● **The problem**
Search the listing below for the line with "Adjustable brass plated", then write out that line and every one after it exactly, without the pictures.

--- START ---

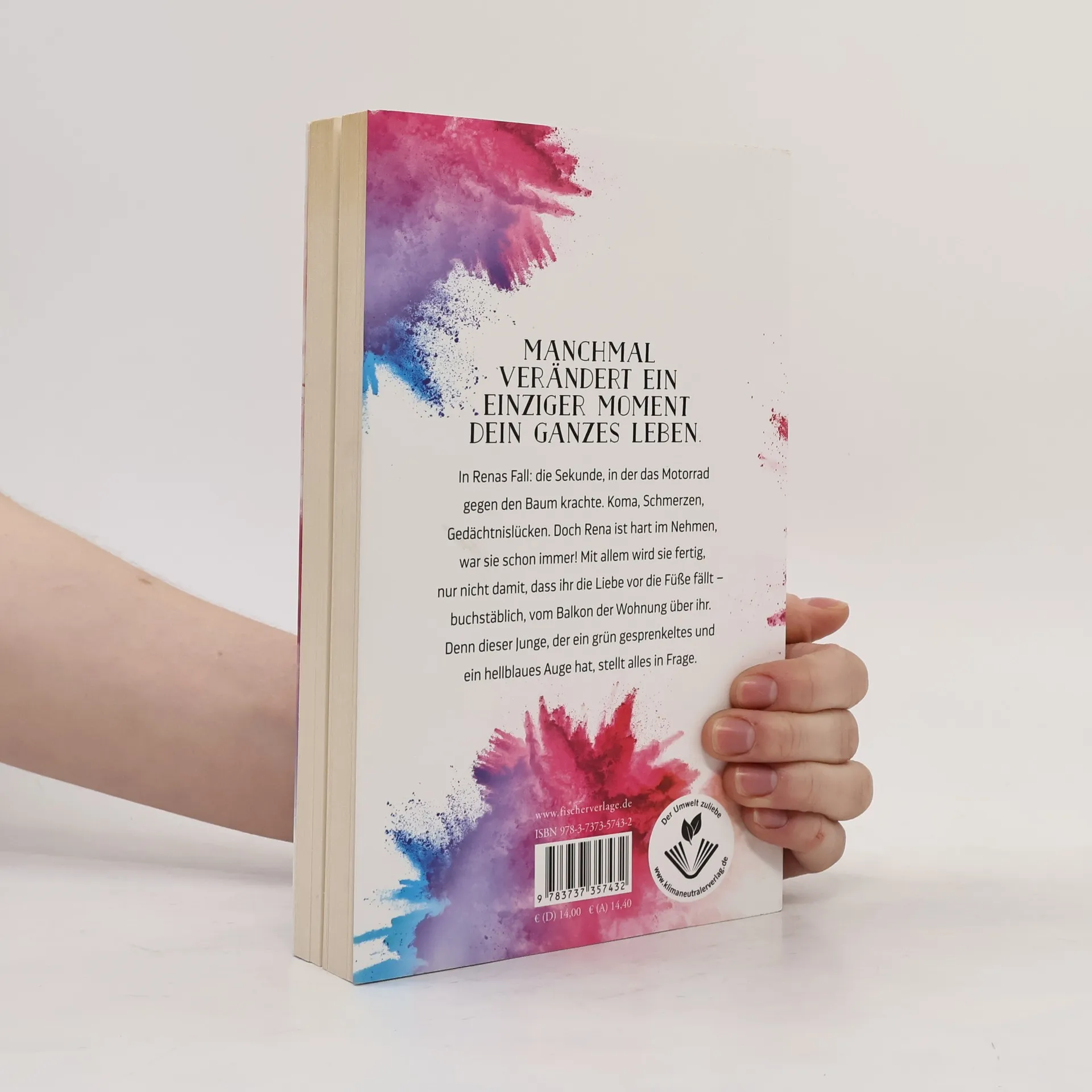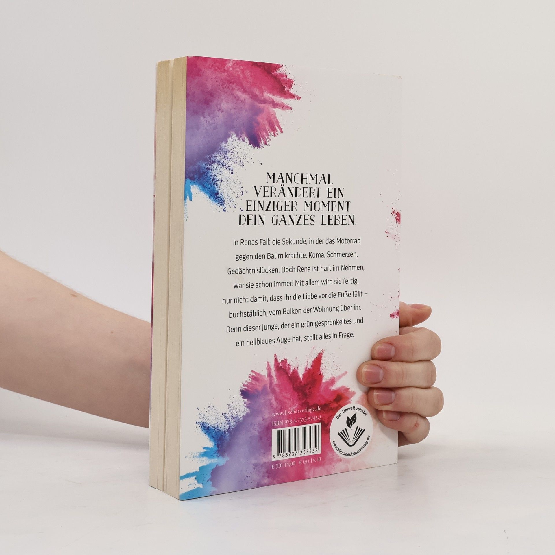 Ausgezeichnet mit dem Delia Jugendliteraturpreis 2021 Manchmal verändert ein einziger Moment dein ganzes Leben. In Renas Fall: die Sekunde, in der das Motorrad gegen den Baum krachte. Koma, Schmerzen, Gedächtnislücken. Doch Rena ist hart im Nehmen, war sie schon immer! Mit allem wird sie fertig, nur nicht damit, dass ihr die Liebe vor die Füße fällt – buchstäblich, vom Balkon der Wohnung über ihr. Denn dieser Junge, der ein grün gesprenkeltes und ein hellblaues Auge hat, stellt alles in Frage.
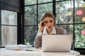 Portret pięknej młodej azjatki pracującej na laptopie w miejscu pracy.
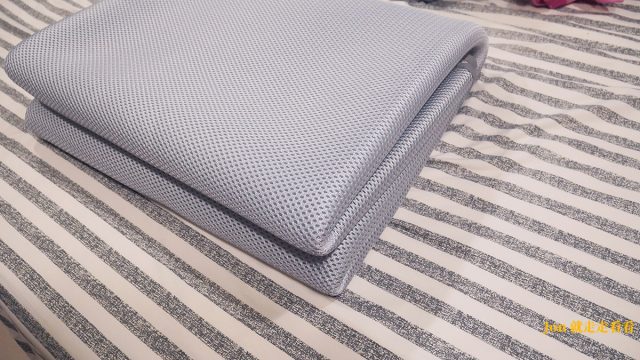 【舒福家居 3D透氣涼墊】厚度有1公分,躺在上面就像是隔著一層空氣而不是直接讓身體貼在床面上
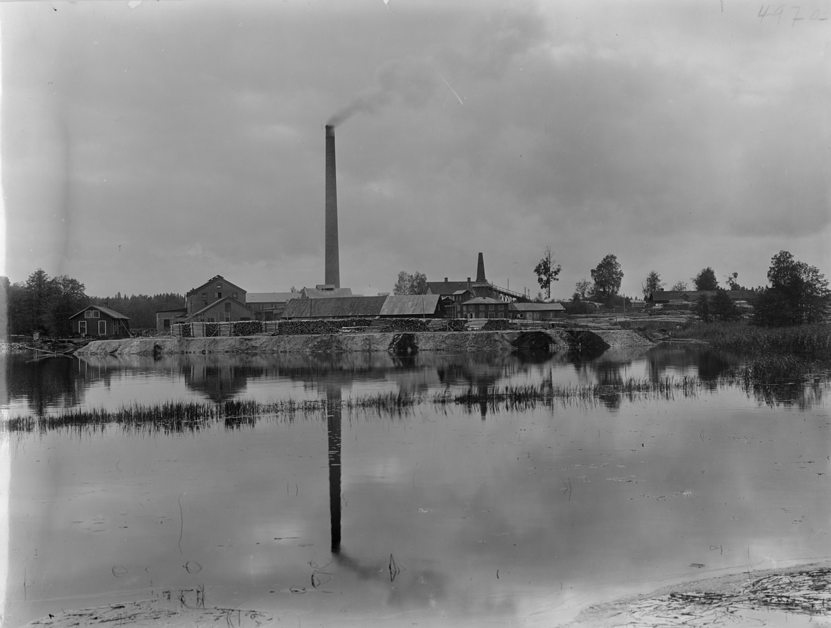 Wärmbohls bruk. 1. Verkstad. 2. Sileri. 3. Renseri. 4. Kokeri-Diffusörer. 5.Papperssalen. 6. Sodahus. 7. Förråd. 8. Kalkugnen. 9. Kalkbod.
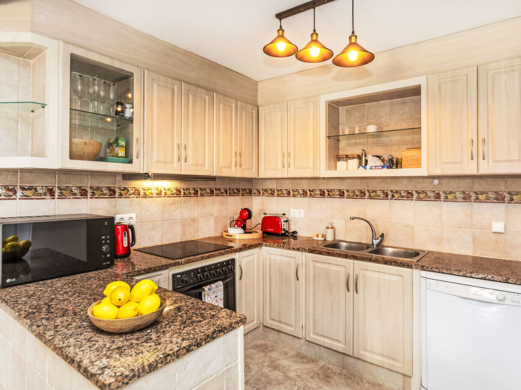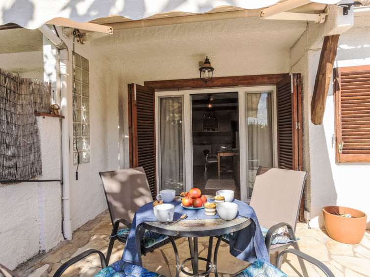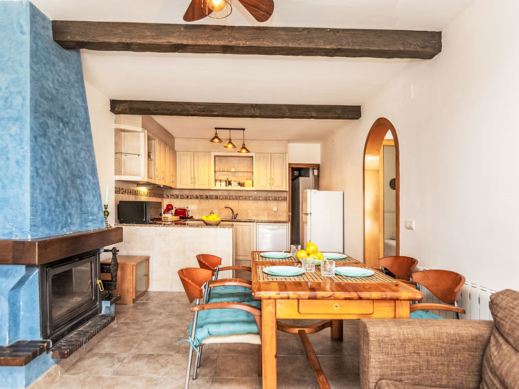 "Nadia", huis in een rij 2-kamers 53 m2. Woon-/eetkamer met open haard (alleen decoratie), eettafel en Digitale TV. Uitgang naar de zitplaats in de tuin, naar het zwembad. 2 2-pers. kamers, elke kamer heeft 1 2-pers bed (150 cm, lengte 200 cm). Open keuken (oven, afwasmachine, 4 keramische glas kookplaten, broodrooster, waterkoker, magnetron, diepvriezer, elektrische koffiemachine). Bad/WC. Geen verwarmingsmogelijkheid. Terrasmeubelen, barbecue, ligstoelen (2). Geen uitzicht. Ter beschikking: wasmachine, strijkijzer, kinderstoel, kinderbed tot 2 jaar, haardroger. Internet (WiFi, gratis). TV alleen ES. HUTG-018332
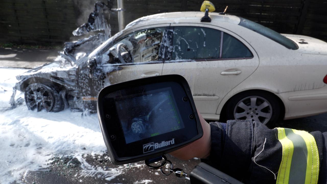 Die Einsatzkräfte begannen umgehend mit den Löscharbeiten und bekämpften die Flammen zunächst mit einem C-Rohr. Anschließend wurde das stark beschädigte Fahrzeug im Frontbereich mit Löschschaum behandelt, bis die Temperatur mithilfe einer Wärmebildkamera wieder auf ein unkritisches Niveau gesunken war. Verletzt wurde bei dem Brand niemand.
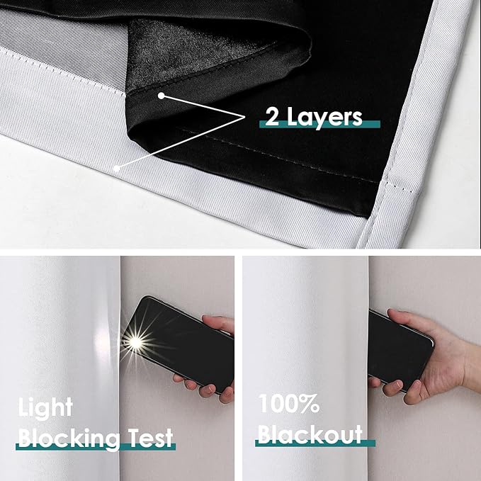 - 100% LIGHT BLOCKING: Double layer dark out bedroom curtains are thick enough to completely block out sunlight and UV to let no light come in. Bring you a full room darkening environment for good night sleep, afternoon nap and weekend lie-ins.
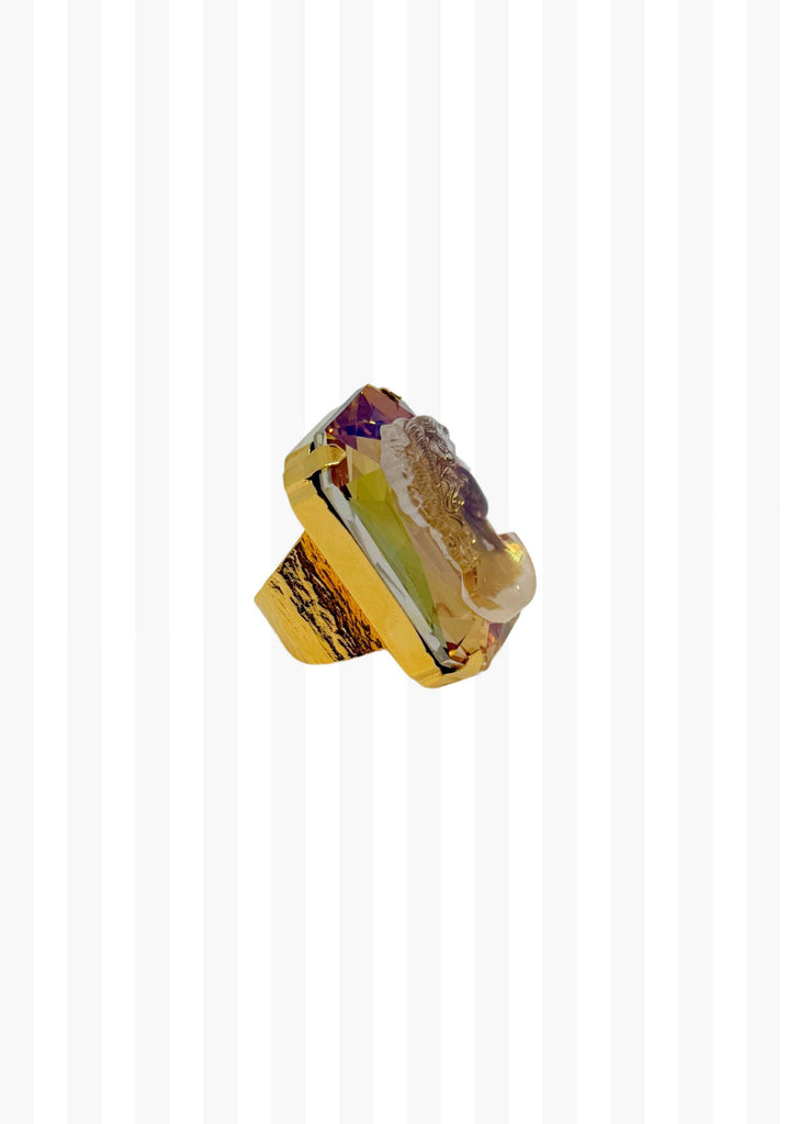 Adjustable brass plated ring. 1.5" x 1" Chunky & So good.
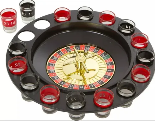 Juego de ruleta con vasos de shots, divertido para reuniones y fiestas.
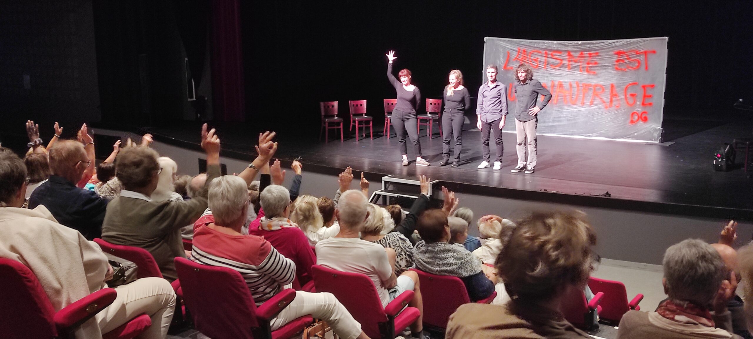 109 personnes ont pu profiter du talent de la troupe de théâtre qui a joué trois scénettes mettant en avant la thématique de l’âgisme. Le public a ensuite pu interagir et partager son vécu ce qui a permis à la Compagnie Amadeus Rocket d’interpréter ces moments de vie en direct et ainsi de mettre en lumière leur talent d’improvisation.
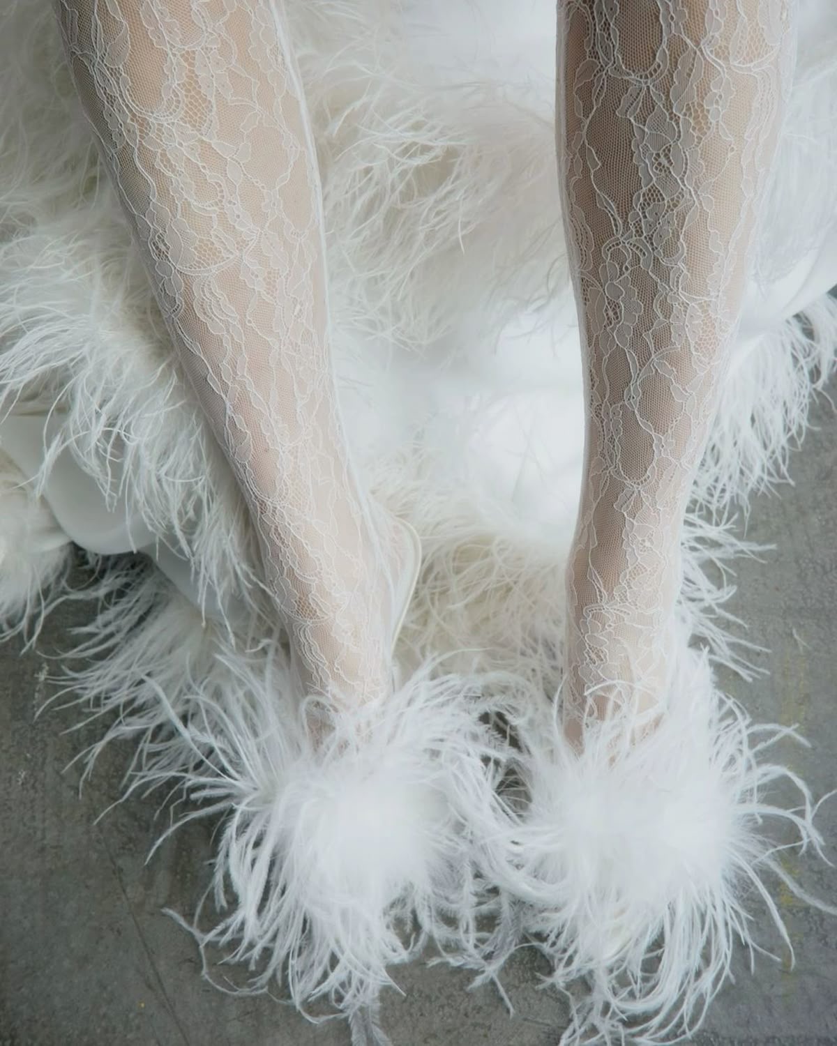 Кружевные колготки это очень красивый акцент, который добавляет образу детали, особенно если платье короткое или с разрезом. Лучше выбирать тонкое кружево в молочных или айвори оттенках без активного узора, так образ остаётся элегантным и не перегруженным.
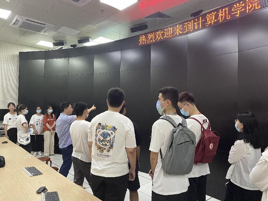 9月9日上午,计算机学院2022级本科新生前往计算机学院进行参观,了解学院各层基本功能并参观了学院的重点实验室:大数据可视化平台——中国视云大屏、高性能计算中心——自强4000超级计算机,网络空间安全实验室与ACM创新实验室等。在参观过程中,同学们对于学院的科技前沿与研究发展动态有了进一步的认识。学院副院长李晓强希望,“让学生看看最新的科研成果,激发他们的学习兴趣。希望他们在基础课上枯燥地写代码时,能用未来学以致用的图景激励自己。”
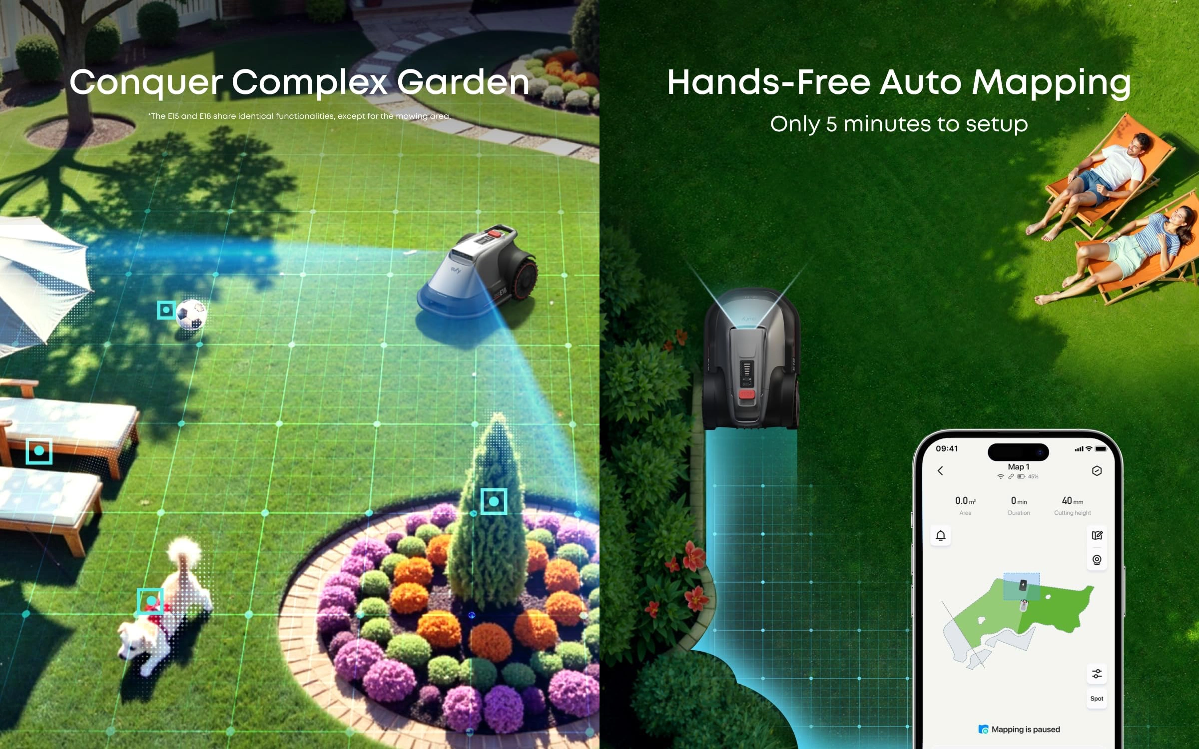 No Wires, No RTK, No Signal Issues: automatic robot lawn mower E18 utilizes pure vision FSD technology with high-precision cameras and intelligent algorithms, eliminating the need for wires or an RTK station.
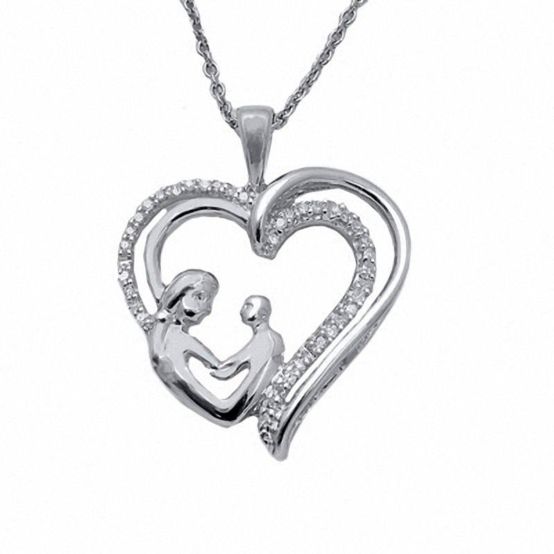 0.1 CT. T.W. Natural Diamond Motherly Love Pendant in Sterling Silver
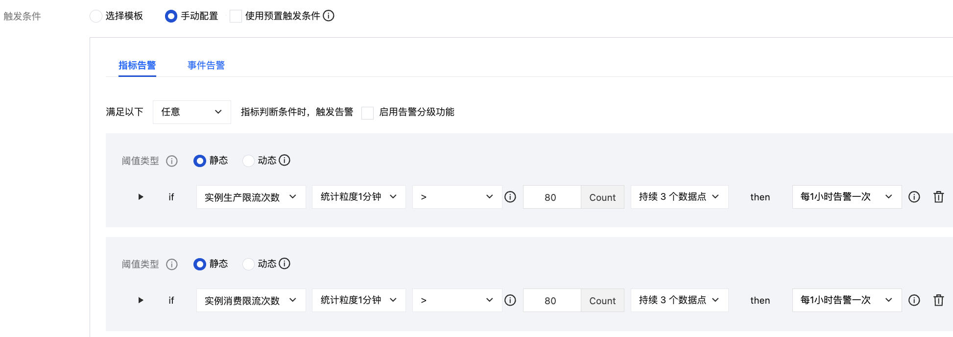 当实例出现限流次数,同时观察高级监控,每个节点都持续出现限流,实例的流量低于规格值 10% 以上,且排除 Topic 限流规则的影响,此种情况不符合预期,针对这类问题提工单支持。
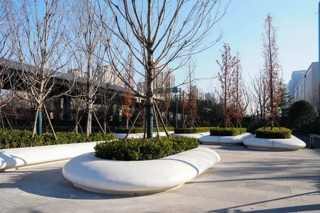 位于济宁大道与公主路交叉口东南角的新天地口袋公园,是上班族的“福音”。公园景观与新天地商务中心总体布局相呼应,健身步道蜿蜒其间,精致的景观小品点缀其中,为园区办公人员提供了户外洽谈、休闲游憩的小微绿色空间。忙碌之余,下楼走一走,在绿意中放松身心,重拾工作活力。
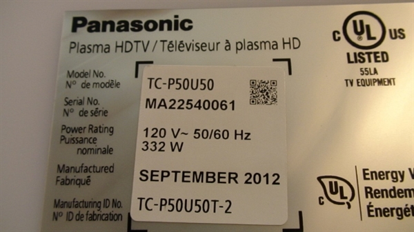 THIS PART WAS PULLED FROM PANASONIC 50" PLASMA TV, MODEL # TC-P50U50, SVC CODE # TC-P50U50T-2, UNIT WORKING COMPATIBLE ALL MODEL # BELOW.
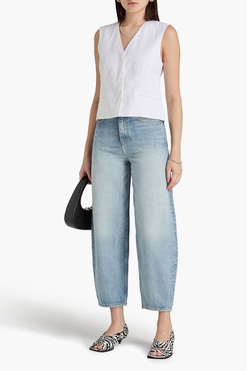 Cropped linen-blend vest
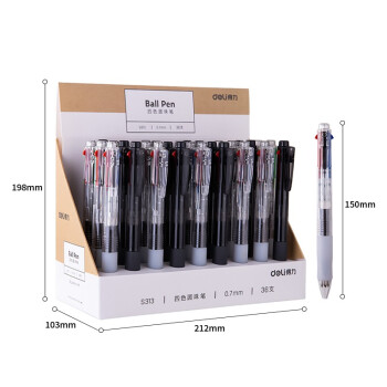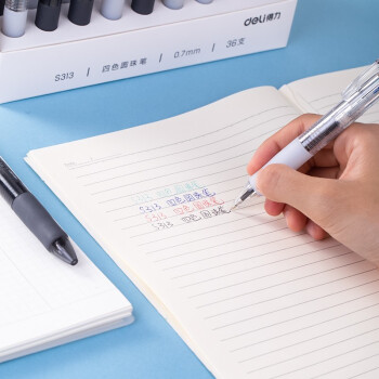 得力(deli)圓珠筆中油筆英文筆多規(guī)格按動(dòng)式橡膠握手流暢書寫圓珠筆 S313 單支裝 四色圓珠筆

--- END ---

● **Result of this task**
 Adjustable brass plated ring. 1.5" x 1" Chunky & So good.
 Juego de ruleta con vasos de shots, divertido para reuniones y fiestas.
 109 personnes ont pu profiter du talent de la troupe de théâtre qui a joué trois scénettes mettant en avant la thématique de l’âgisme. Le public a ensuite pu interagir et partager son vécu ce qui a permis à la Compagnie Amadeus Rocket d’interpréter ces moments de vie en direct et ainsi de mettre en lumière leur talent d’improvisation.
 Кружевные колготки это очень красивый акцент, который добавляет образу детали, особенно если платье короткое или с разрезом. Лучше выбирать тонкое кружево в молочных или айвори оттенках без активного узора, так образ остаётся элегантным и не перегруженным.
 9月9日上午,计算机学院2022级本科新生前往计算机学院进行参观,了解学院各层基本功能并参观了学院的重点实验室:大数据可视化平台——中国视云大屏、高性能计算中心——自强4000超级计算机,网络空间安全实验室与ACM创新实验室等。在参观过程中,同学们对于学院的科技前沿与研究发展动态有了进一步的认识。学院副院长李晓强希望,“让学生看看最新的科研成果,激发他们的学习兴趣。希望他们在基础课上枯燥地写代码时,能用未来学以致用的图景激励自己。”
 No Wires, No RTK, No Signal Issues: automatic robot lawn mower E18 utilizes pure vision FSD technology with high-precision cameras and intelligent algorithms, eliminating the need for wires or an RTK station.
 0.1 CT. T.W. Natural Diamond Motherly Love Pendant in Sterling Silver
 当实例出现限流次数,同时观察高级监控,每个节点都持续出现限流,实例的流量低于规格值 10% 以上,且排除 Topic 限流规则的影响,此种情况不符合预期,针对这类问题提工单支持。
 位于济宁大道与公主路交叉口东南角的新天地口袋公园,是上班族的“福音”。公园景观与新天地商务中心总体布局相呼应,健身步道蜿蜒其间,精致的景观小品点缀其中,为园区办公人员提供了户外洽谈、休闲游憩的小微绿色空间。忙碌之余,下楼走一走,在绿意中放松身心,重拾工作活力。
 THIS PART WAS PULLED FROM PANASONIC 50" PLASMA TV, MODEL # TC-P50U50, SVC CODE # TC-P50U50T-2, UNIT WORKING COMPATIBLE ALL MODEL # BELOW.
 Cropped linen-blend vest
 得力(deli)圓珠筆中油筆英文筆多規(guī)格按動(dòng)式橡膠握手流暢書寫圓珠筆 S313 單支裝 四色圓珠筆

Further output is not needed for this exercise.